R(17), Data Frames
A data frame is a table or two-dimensional array structure, in which each column contains the value of a variable, and each row contains a set of values from each column.
characteristics
- the column name should not be empty.
- the row name should be unique.
- the data stored in the data frame can be number, factor, or character types.
- each column should contain the same number of data term.
# Create the data frame.
emp.data <- data.frame(
emp_id = c (1:5),
emp_name = c("Rick","Dan","Michelle","Ryan","Gary"),
salary = c(623.3,515.2,611.0,729.0,843.25),
start_date = as.Date(c("2012-01-01", "2013-09-23", "2014-11-15", "2014-05-11", "2015-03-27")),
stringsAsFactors = FALSE
)
# Print the data frame
print(emp.data)
print the structure
We can use str()
function to print the structure of data frame.
str(emp.data)
get the summary
get and print the summary
print(summary(emp.data))
extract data
extract specific column from data frame by using column name.

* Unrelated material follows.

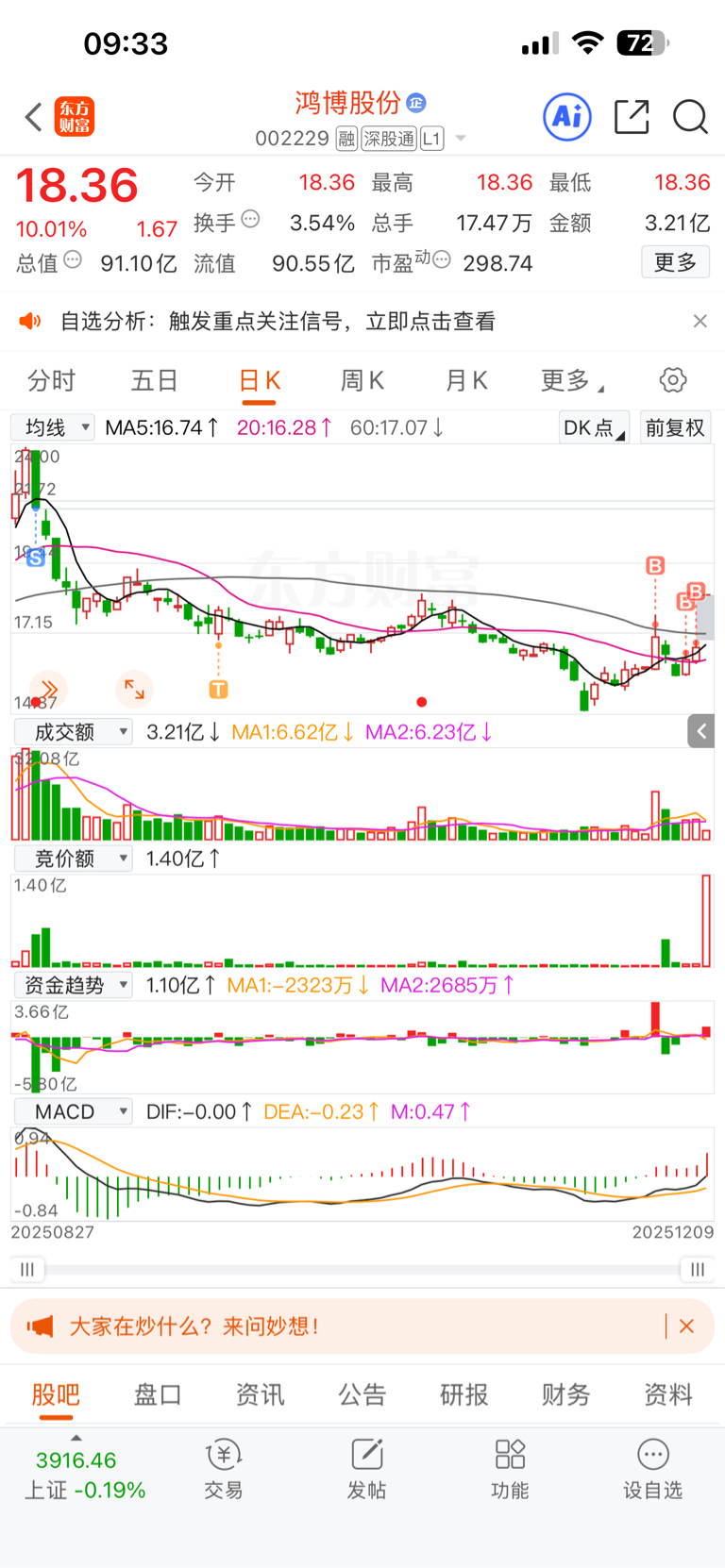 $鸿博股份(SZ002229)$ 主升浪开启,目前标价30.41

result <- data.frame(emp.data$emp_name,emp.data$salary)
extract specific elements by using index.
like
result <- emp.data[1:2,]
or
result <- emp.data[c(3,5),c(2,4)]
expand
we can use new column name to expand column vector.
# Add a column named "dept"
emp.data$dept <- c("IT","Operations","IT","HR","Finance")
v <- emp.data
If we wanna put more rows to the existing data frame permanently, we need to introduce new rows of the same structure as existing data frames and use the rbind()
function.
# Create the second data frame
emp.newdata <- data.frame(
emp_id = c (6:8),
emp_name = c("Rasmi","Pranab","Tusar"),
salary = c(578.0,722.5,632.8),
start_date = as.Date(c("2013-05-21","2013-07-30","2014-06-17")),
dept = c("IT","Operations","Fianance"),
stringsAsFactors = FALSE
)
# Bind the two data frames.
emp.finaldata <- rbind(emp.data,emp.newdata)